▶ [Required action] When you reach the line with "Від отриманих внаслідок" in the listing below, transcribe it and each line after it up to and including the line with "Ещё 2 года назад, и", exactly and with nothing else.

▶ [Material for this task]

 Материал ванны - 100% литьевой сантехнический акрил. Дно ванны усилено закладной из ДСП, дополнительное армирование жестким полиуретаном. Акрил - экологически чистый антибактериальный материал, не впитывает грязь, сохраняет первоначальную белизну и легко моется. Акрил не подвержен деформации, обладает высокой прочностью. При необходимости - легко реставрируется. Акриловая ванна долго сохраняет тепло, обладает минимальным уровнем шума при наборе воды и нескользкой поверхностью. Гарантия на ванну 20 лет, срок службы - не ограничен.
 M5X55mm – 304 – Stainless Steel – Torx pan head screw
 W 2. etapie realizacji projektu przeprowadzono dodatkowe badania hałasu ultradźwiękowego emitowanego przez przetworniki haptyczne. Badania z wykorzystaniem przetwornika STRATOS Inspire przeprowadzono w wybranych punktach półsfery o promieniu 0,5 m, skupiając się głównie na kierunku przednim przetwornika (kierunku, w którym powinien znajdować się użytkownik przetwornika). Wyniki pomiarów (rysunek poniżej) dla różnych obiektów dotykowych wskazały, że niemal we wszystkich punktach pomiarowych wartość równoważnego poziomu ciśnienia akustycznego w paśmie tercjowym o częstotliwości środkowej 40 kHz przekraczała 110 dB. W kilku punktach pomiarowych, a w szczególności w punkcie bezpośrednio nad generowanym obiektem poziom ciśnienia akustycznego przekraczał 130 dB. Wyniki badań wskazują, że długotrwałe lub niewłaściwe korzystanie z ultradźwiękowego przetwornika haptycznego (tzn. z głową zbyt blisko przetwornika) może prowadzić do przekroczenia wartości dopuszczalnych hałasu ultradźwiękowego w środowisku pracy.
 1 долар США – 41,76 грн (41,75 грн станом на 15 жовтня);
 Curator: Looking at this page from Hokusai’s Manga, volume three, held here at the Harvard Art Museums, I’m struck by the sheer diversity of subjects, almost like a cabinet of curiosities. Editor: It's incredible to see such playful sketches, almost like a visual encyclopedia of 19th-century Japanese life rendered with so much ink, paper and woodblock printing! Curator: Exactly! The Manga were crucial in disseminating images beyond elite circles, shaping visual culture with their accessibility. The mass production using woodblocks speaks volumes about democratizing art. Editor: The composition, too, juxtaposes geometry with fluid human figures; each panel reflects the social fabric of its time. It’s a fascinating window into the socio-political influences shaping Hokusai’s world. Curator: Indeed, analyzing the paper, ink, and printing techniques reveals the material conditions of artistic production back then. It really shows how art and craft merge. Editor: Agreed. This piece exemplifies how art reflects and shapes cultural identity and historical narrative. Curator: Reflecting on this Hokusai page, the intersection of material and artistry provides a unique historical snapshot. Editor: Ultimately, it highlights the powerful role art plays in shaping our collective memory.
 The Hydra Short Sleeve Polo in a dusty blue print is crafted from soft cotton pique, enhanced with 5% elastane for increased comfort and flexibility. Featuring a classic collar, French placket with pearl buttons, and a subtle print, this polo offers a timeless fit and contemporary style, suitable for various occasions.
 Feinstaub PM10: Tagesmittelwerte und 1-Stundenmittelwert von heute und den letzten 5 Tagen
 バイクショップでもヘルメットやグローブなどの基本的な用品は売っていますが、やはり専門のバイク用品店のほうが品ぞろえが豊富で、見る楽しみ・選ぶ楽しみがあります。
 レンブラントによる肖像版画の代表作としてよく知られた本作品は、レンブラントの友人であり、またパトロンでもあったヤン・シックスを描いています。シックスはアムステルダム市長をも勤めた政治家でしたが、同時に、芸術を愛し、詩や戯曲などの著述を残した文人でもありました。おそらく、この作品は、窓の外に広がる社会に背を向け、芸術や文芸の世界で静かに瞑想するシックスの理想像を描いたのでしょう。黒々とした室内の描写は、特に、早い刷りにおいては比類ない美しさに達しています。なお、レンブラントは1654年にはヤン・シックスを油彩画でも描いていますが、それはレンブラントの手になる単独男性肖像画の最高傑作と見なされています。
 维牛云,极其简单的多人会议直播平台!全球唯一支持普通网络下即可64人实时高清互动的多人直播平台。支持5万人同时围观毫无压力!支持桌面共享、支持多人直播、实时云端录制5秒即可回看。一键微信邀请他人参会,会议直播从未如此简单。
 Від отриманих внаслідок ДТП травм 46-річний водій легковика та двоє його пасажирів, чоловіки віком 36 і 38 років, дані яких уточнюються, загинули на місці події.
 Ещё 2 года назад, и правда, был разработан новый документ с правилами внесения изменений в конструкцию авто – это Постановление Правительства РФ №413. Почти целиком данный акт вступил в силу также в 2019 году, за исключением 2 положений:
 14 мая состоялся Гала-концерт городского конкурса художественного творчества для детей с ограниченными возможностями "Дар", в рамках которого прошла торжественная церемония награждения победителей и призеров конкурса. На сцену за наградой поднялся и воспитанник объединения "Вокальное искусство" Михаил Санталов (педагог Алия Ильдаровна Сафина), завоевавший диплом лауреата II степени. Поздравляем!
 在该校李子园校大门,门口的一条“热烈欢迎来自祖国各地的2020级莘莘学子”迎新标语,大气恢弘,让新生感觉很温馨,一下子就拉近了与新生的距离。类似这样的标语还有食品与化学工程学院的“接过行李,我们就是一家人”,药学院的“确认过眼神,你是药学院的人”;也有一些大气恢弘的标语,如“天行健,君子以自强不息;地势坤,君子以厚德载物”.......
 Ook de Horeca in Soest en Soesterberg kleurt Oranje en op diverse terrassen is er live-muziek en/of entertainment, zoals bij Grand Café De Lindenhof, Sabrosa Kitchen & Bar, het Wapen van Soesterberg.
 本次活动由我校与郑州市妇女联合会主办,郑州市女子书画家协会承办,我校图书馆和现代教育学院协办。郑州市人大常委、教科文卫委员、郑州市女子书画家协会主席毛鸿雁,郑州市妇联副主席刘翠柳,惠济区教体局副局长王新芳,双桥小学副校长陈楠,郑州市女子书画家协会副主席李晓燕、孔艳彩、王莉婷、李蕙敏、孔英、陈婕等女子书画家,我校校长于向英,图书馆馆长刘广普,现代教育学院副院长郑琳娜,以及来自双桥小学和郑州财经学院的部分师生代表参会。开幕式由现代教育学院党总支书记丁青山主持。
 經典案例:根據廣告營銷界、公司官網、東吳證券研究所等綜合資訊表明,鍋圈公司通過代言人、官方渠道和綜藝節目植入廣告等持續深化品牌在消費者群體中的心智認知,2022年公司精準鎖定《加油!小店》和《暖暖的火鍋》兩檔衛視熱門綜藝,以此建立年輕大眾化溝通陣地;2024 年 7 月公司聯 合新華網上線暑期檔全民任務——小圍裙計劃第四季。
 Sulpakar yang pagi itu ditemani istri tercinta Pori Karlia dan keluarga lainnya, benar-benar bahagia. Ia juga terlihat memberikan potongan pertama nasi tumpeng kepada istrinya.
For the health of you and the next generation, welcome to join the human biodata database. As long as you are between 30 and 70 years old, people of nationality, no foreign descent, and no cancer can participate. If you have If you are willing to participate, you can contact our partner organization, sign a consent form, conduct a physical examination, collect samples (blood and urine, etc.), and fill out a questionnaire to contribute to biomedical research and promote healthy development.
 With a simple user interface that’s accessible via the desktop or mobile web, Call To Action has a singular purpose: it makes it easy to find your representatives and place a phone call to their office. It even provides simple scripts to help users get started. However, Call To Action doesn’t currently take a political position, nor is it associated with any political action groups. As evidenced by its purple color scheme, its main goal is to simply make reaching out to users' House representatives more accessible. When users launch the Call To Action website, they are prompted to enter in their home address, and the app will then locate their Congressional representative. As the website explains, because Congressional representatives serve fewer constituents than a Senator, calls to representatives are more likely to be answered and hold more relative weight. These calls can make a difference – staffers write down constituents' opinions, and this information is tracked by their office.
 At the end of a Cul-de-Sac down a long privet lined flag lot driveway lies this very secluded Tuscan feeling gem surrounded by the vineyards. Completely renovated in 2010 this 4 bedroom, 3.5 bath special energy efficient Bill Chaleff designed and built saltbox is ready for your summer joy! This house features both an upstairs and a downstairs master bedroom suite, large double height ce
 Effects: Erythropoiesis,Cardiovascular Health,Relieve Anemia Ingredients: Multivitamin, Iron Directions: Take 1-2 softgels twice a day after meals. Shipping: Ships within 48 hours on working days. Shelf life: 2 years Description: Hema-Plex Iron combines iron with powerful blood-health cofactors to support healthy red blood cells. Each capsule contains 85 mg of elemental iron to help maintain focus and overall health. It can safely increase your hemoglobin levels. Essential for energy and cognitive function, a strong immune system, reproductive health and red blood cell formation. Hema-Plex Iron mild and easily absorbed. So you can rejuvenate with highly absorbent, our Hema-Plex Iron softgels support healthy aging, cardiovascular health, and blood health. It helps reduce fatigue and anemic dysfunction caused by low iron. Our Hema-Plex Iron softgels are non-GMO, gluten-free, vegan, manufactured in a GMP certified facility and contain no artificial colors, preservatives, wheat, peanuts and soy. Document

▶ [Result below]
 Від отриманих внаслідок ДТП травм 46-річний водій легковика та двоє його пасажирів, чоловіки віком 36 і 38 років, дані яких уточнюються, загинули на місці події.
 Ещё 2 года назад, и правда, был разработан новый документ с правилами внесения изменений в конструкцию авто – это Постановление Правительства РФ №413. Почти целиком данный акт вступил в силу также в 2019 году, за исключением 2 положений:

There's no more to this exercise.